■ **Brief**
Using the listing below, set down each line from the line containing "The CRA-02 (Compact" through the line containing "每年高考倒计时一百天,高三学", both ends included, exactly and with nothing added.
(Given data)
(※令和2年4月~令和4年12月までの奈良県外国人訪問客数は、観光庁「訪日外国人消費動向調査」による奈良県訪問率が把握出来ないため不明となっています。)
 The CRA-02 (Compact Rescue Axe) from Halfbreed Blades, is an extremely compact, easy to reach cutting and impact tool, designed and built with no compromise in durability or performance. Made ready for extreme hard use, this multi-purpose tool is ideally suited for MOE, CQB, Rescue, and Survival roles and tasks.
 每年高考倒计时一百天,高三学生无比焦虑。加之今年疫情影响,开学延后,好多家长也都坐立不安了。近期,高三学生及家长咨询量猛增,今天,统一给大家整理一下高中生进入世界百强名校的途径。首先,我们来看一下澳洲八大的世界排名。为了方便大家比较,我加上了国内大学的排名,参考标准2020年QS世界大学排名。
(End Given data)
(Given data)
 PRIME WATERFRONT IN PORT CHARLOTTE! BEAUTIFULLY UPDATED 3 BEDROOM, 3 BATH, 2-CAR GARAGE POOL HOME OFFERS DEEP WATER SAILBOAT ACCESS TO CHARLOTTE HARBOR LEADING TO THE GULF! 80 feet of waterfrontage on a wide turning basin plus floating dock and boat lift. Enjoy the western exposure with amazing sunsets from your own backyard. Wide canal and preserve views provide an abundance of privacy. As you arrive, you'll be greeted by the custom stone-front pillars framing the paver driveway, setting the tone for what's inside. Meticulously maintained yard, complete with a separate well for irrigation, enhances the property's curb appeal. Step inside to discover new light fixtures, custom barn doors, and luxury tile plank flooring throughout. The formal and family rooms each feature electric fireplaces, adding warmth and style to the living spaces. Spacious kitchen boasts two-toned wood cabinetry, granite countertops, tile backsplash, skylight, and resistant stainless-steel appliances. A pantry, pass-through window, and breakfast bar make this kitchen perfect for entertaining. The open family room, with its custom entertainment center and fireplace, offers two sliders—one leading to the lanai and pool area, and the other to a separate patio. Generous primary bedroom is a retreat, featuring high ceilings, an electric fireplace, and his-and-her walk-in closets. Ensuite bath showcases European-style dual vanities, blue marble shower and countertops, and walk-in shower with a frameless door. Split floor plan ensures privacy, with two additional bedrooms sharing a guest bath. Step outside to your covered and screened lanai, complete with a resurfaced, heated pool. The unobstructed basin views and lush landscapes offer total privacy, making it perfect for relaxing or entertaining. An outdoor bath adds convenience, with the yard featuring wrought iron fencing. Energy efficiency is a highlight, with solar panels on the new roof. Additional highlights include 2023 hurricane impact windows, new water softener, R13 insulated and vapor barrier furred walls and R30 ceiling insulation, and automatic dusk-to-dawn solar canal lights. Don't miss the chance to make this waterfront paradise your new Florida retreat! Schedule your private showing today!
(End Given data)
■ **Output of the task**
 The CRA-02 (Compact Rescue Axe) from Halfbreed Blades, is an extremely compact, easy to reach cutting and impact tool, designed and built with no compromise in durability or performance. Made ready for extreme hard use, this multi-purpose tool is ideally suited for MOE, CQB, Rescue, and Survival roles and tasks.
 每年高考倒计时一百天,高三学生无比焦虑。加之今年疫情影响,开学延后,好多家长也都坐立不安了。近期,高三学生及家长咨询量猛增,今天,统一给大家整理一下高中生进入世界百强名校的途径。首先,我们来看一下澳洲八大的世界排名。为了方便大家比较,我加上了国内大学的排名,参考标准2020年QS世界大学排名。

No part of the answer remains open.